| What this task involves |
Exclude the pictures, then repeat the remaining data exactly.
/---
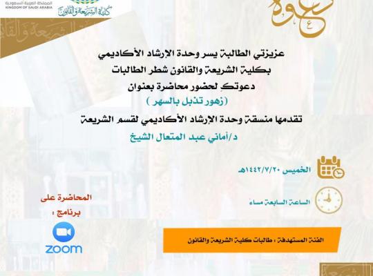 نفذت وحدة الإرشاد الأكاديمي بكلية الشريعة والقانون (شطر الطالبات) محاضرة بعنوان (زهور تذبل بالسهر) قدمتها منسقة وحدة الإرشاد الأكاديمي و عضو هيئة التدريس بقسم الشريعة هذا وقد اشتملت المحاضرة على عدة محاور منها، النوم ومراحله العمرية، واضطرابات النوم
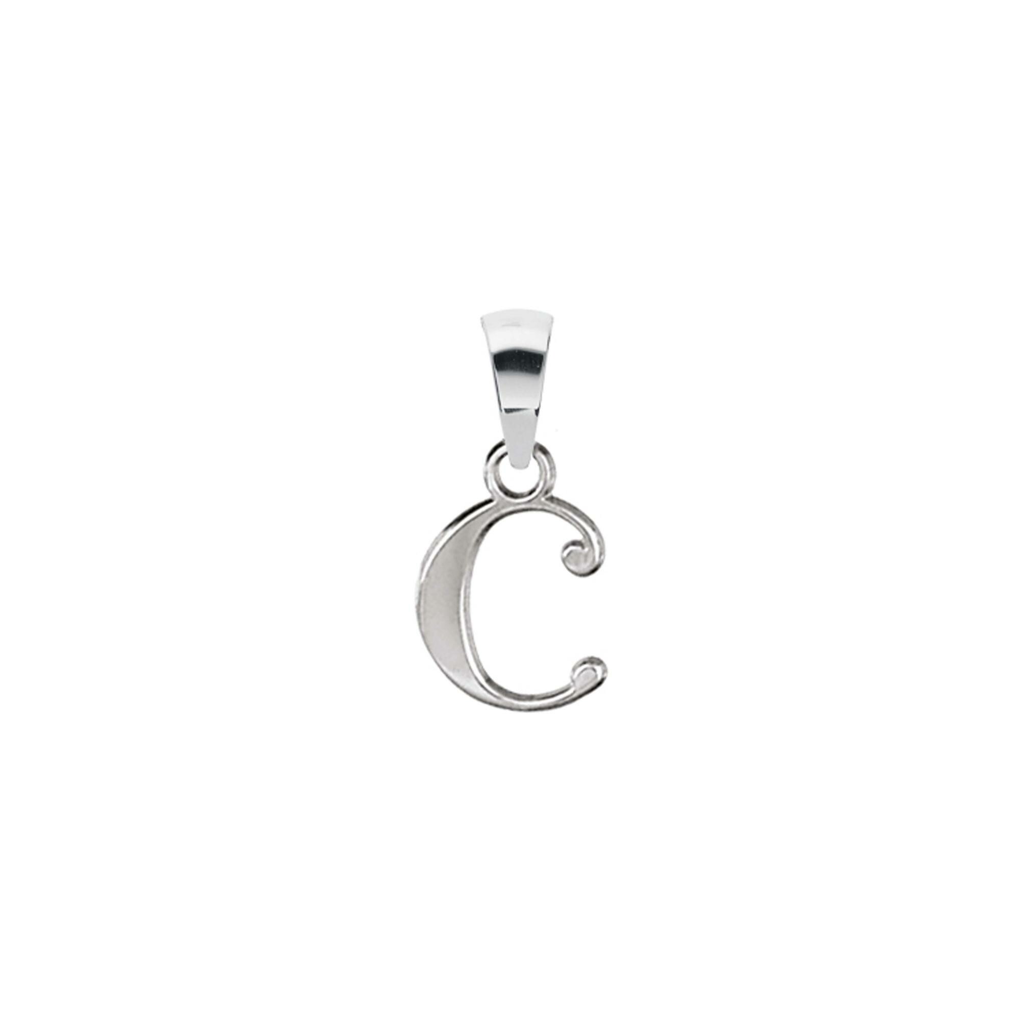 Pendentif initiale Anglaise petit modèle C en argent rhodié Description détaillée
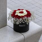 Red rose - 10 pce White rose - 5 pce Gypsophila - 5 pce
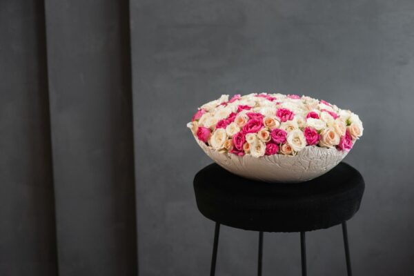 An elegant hatbox crafted from premium materials and designed to replace traditional vases. It’s easy to carry and display — perfect for restaurants, dinner parties, or any occasion where beauty travels with you
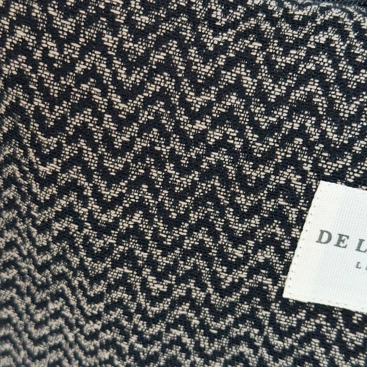 Bolso pequeño tipo bandolera con asa larga ajustable de cinta de espiga de algodón de color negro. Cierre superior con cremallera. Bolsillos laterales sin cremallera. Con tejido grueso de jacquard con estampado de espiga de color beige y negro. Forrado de tejido grueso de color gris en la parte interior. Bolsillo interior con cremallera. Para su correcto mantenimiento se aconseja lavarlo en frío a mano y no utilizar secadora.
\---
| Finished task |
 نفذت وحدة الإرشاد الأكاديمي بكلية الشريعة والقانون (شطر الطالبات) محاضرة بعنوان (زهور تذبل بالسهر) قدمتها منسقة وحدة الإرشاد الأكاديمي و عضو هيئة التدريس بقسم الشريعة هذا وقد اشتملت المحاضرة على عدة محاور منها، النوم ومراحله العمرية، واضطرابات النوم
 Pendentif initiale Anglaise petit modèle C en argent rhodié Description détaillée
 Red rose - 10 pce White rose - 5 pce Gypsophila - 5 pce
 An elegant hatbox crafted from premium materials and designed to replace traditional vases. It’s easy to carry and display — perfect for restaurants, dinner parties, or any occasion where beauty travels with you
 Bolso pequeño tipo bandolera con asa larga ajustable de cinta de espiga de algodón de color negro. Cierre superior con cremallera. Bolsillos laterales sin cremallera. Con tejido grueso de jacquard con estampado de espiga de color beige y negro. Forrado de tejido grueso de color gris en la parte interior. Bolsillo interior con cremallera. Para su correcto mantenimiento se aconseja lavarlo en frío a mano y no utilizar secadora.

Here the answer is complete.